**Task description**
A faithful, picture-free copy of the listing below is required.

**Given information**

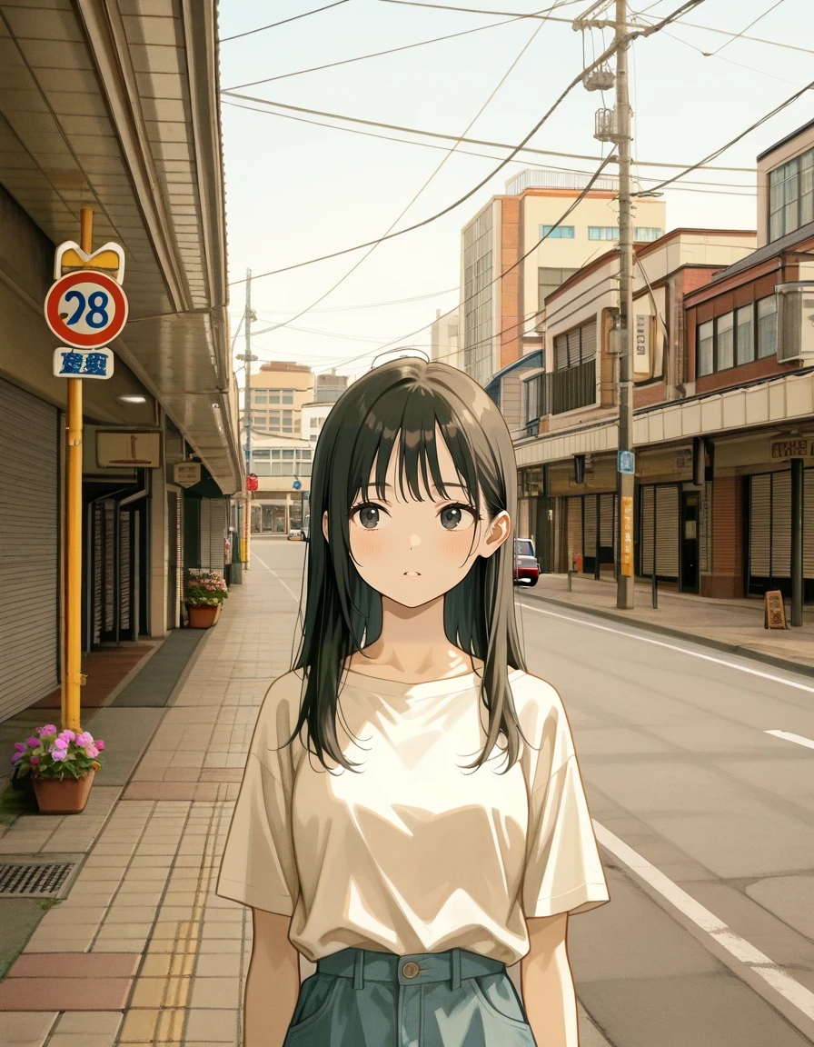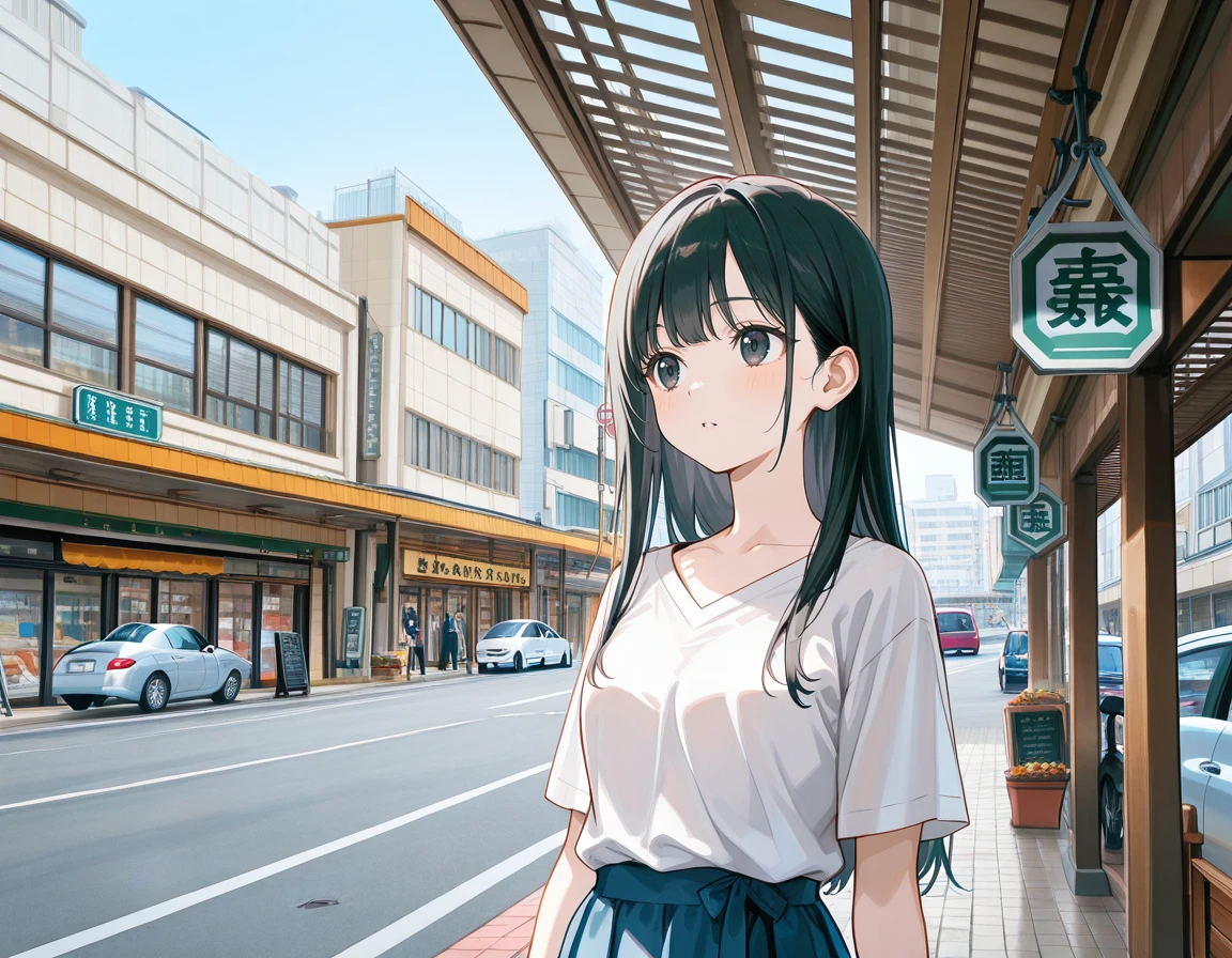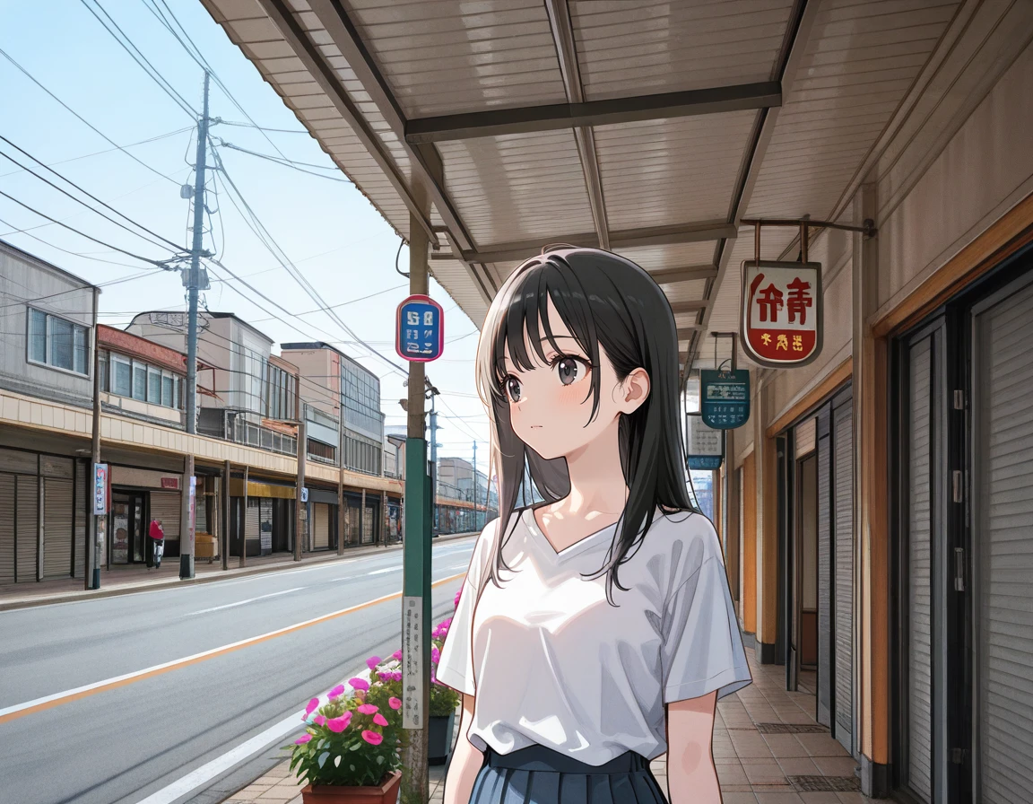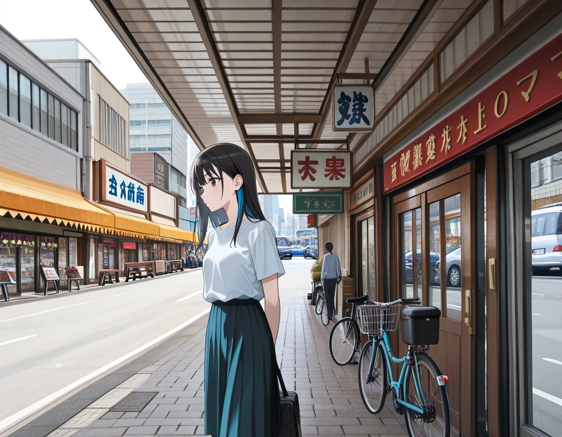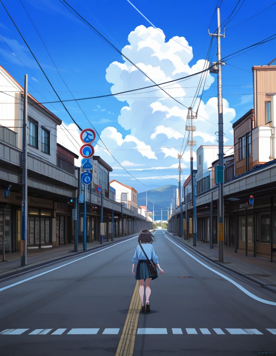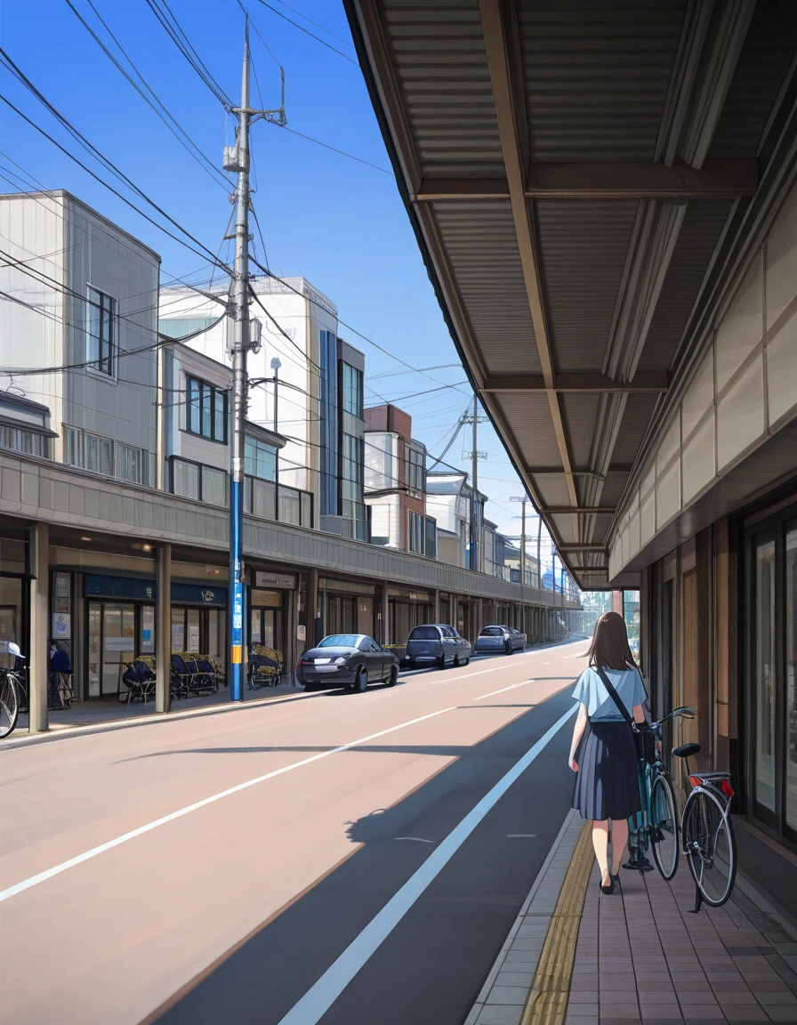 プロンプトに city を加えれば栄えた駅前に、city を抜いて shutter を加えることで寂れた田舎の駅前商店街になります。
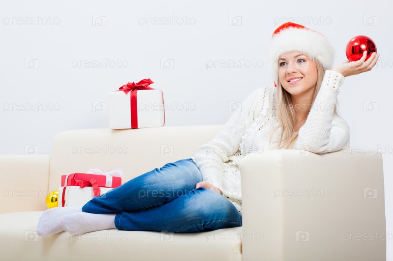 Женщина сидит на диване и держит рождественский подарок
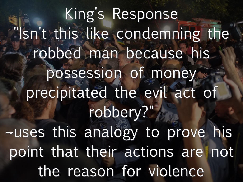 Accusing King and rest of black community for being irresponsible for breaking the law.
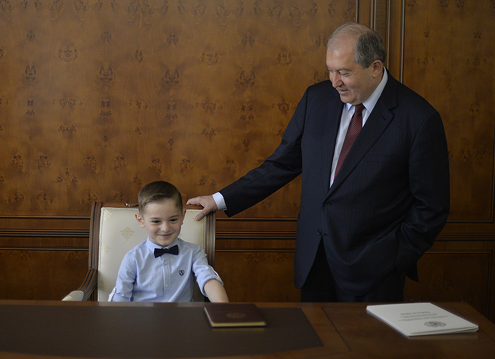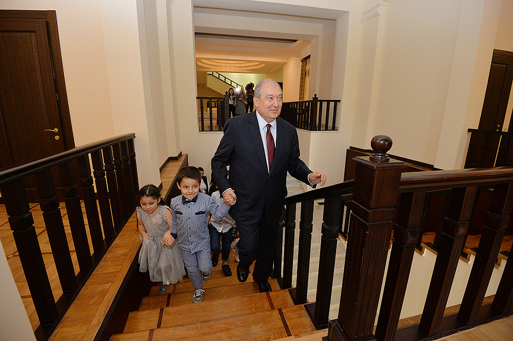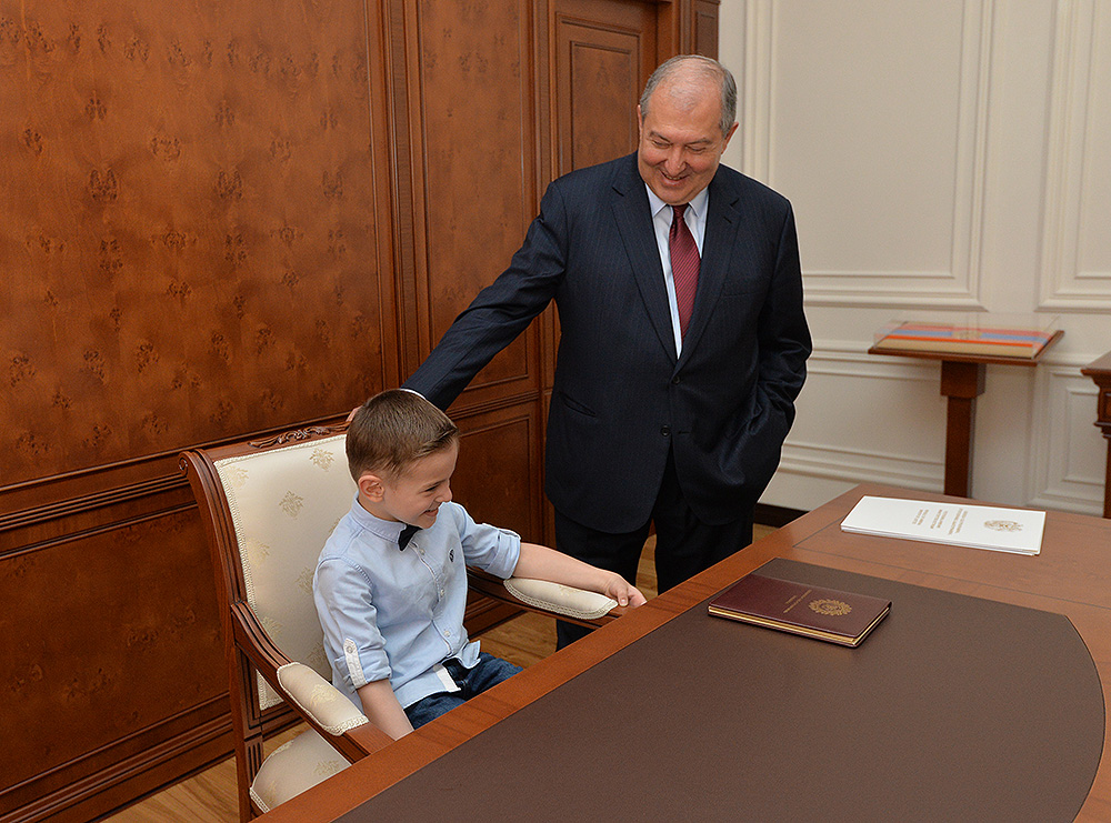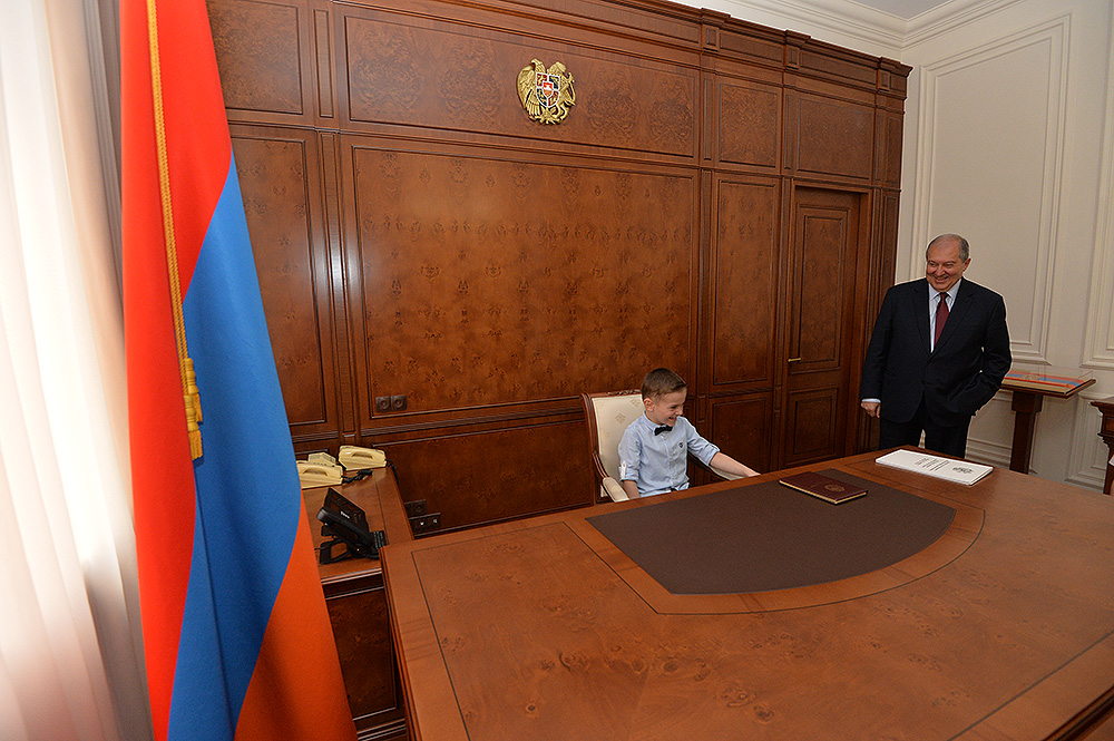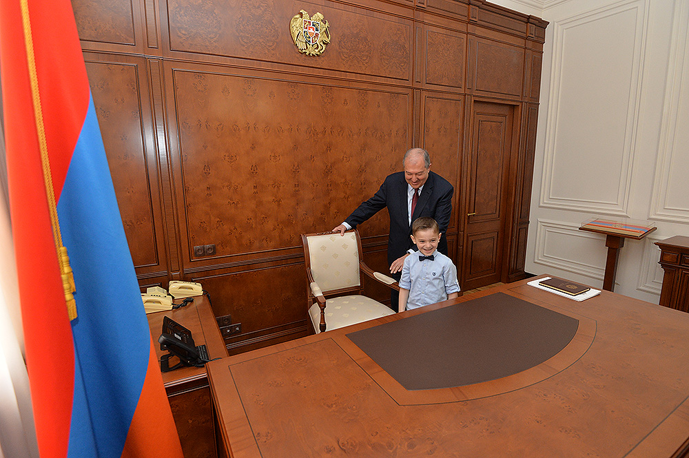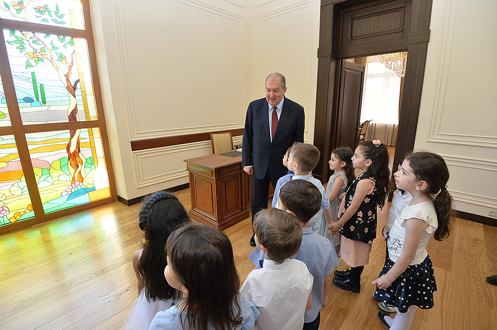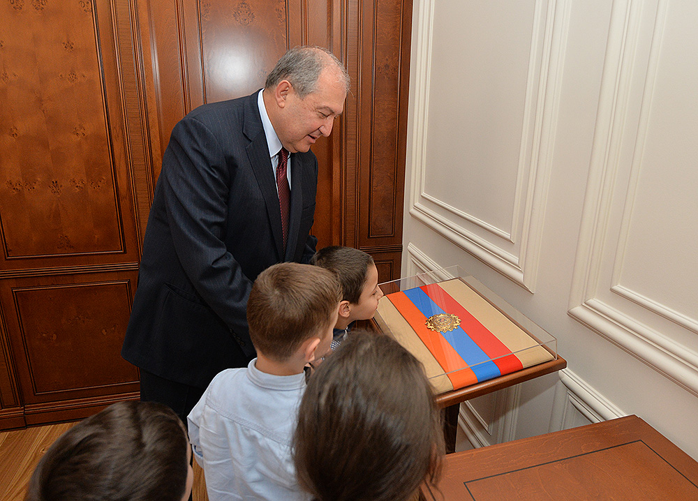 Իր փոքրիկ հյուրերին Նախագահ Արմեն Սարգսյանն այսօր նախ ցույց է տվել իր աշխատասենյակը, որտեղ զրուցել է նրանց հետ, ծանոթացրել նախագահական իշխանության խորհրդանշանի նշանակությանը և պատմությանը:

**Exercise result**
 プロンプトに city を加えれば栄えた駅前に、city を抜いて shutter を加えることで寂れた田舎の駅前商店街になります。
 Женщина сидит на диване и держит рождественский подарок
 Accusing King and rest of black community for being irresponsible for breaking the law.
 Իր փոքրիկ հյուրերին Նախագահ Արմեն Սարգսյանն այսօր նախ ցույց է տվել իր աշխատասենյակը, որտեղ զրուցել է նրանց հետ, ծանոթացրել նախագահական իշխանության խորհրդանշանի նշանակությանը և պատմությանը:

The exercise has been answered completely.